For more context, we saw the memory usage continuously increasing over time, without resources ever being freed. After changing the adapter back to Cowboy, we don't see this happening anymore, and we don't see any errors indicating too many connections.
Could you pin down which resources wouldn't get freed? I would assume Ports / Sockets, but it would be nice to have further informations.
I'm extremely interested / perplexed by this!
My first hunch here is that there's some aspect of your situation that's causing connections to not be closed off once you're done with them. My initial guess would be that there may be a bug in our HTTP/1 keepalive logic that's causing us to not be as aggressive as Cowboy in closing off lingering keep alive clients.
Some questions to help diagnose:
(on the off chance that you're able to share aspects of the project causing this, it would help immensely in diagnosing this).
Looking forward to hearing more!
* What mix of endpoints / transports are you using?
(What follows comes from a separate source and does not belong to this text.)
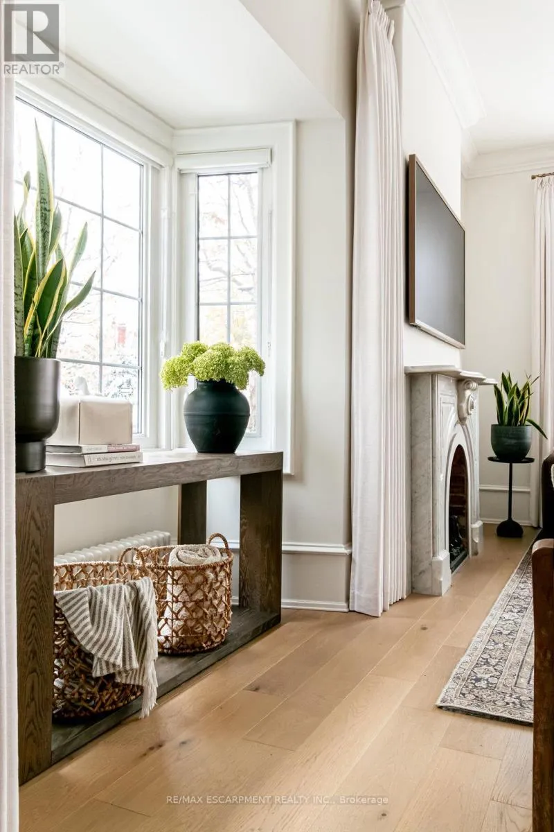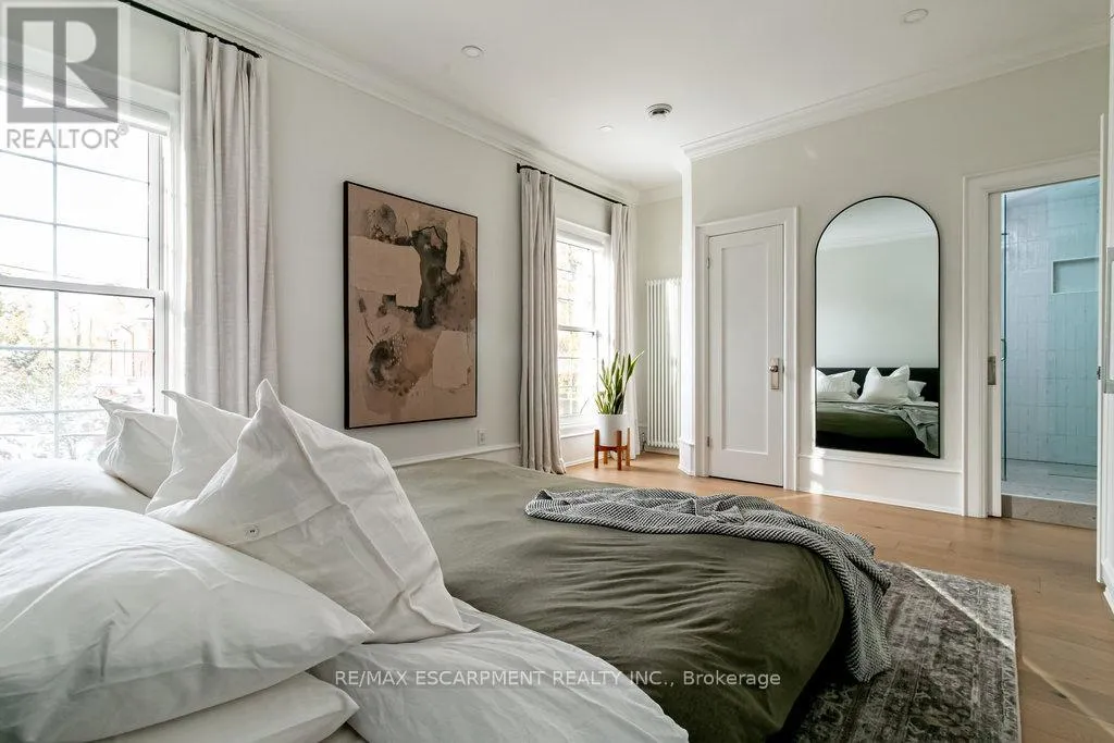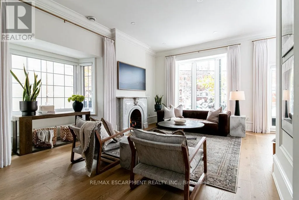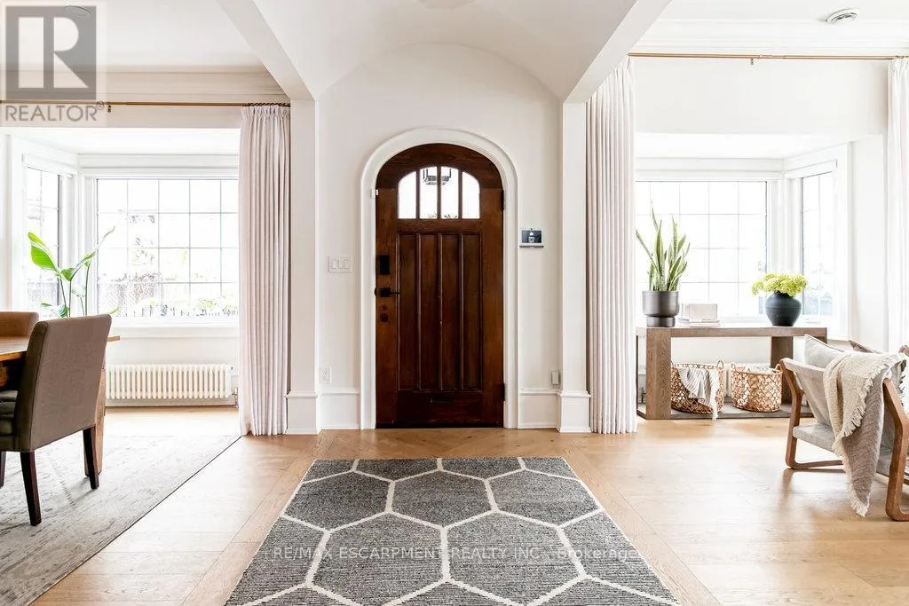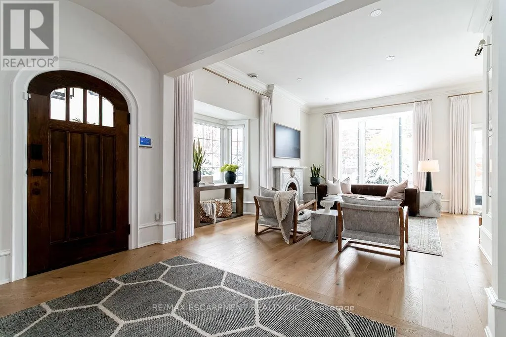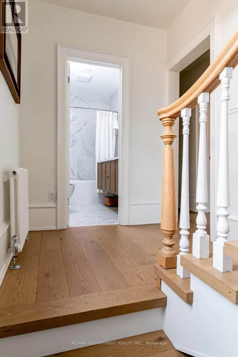 Cross Streets: MARKLAND ST. ** Directions: James St S to Markland St to MacNab St S. Discover timeless elegance and modern luxury in this exquisitely restored 1867 Victorian. Nestled in the heart of the vibrant Durand neighbourhood, this 4-bedroom, 3-bathroom masterpiece spans nearly 2200 square feet across two stories, where original grandeur-highlighted by the arched solid wood front door, curved ceilings in the foyer, soaring 10-foot ceilings, and oversized bay windows-merges seamlessly with premium contemporary finishes.The main floor flows effortlessly through a formal living room with custom mouldings, an original marble mantle and complimentary gas log set, elegant dining area, a gourmet chef's kitchen showcasing full-height white oak and crisp white cabinetry to the ceiling, gleaming quartz counters, and built-in full sized fridge and freezer. A designer 2-piece bath and a custom mudroom with built-in storage complete the main floor. Upstairs, the serene primary suite features floor-to-ceiling closets, a spa-like ensuite with a frameless glass walk-in rain shower, joined by three additional bedrooms, an additional 5-piece bathroom, second-floor laundry, and a sun-drenched sunroom with wrap-around windows-perfect as a cozy den.Outside, a fully fenced backyard becomes a lush, private retreat surrounded by summer grapevines. Parking for three cars and equipped with an EV charger. Meticulously maintained and upgraded with new shingles (2025), windows (2022), boiler and radiators (2023), and AC (2021), this home blends heritage charm with turnkey sophistication. Luxury Certified. (id:27476)

HTTP/HTTPS? 1.1/2? WebSockets?
The endpoint serves HTTP 1.1 and WebSockets (LiveView) behind an Envoy proxy that terminates TLS.
* What config are you starting Bandit / Cowboy up with?
Only defaults.
* Do you see any other Bandit / Thousand Island messages in your logs (specifically timeout messages)? * Do the errors happen over time, all at once, after a certain number of connections? Anything we can do to try and repro? * What sort of connection rate (distinct connections / second, requests per connection, etc) does the system in question serve? * Are you able to share methods & charts that demonstrate 'memory usage continuously increasing over time'? Do you happen to have a metric available for total number of VM processes as well? Can you share that?
I'll have to get back to you for that. We're pretty busy at the moment, and I'll be out of office from next week, so it may take a while. The only thing I can give you right now is this 24h error distribution chart:
From top to bottom:
We also saw a couple of ** (exit) "Not a valid WebSocket upgrade request")
errors.
When you're running under Cowboy, do you ever see log messages like the following?
Ranch acceptor reducing accept rate: out of file descriptors
Looking at where this error is happening in Thousand Island, the corresponding implementation in Ranch explicitly handles :emfile
errors by waiting for 100ms and retrying an accept call. Ranch and Thousand Island are very similar in structure in this regard, so I would expect that Ranch is seeing the same :emfile
error we are, they're just handling it.
If this is the case, I'll add a similar clause to Thousand Island (though I may handle it a tad differently; busy waiting without end like Ranch does is a tad sketch).
I didn't find that message in our logs.
I've added connection count limiting to Thousand Island (released as 0.6.6). This doesn't fix the core of the issue (why you're seeing increased memory usage & emfile
errors), but it should help mitigate the issue for others via configuration levers, and brings us up to parity with ranch's support for this.
I'm still looking into the underlying issue, but I'm not able to reproduce anything locally. I've run a bunch of long-running soak tests on the HTTP/1, h2, and WebSocket stacks and I'm seeing what I would expect: no process growth and steady long-term memory usage. I still think that there's something in your setup that's causing connections to be held open longer than expected. This would explain everything you're seeing (growing memory use over time, and an eventual exhaustion of open file handles). My biggest suspects here are keepalive handling and/or a possible bug with handling invalid websocket upgrades.
To help debug this further, would you be able to provide:
In the meantime, if you're game to help debugging this, you could try adding [http_1_options: [max_requests: 1]]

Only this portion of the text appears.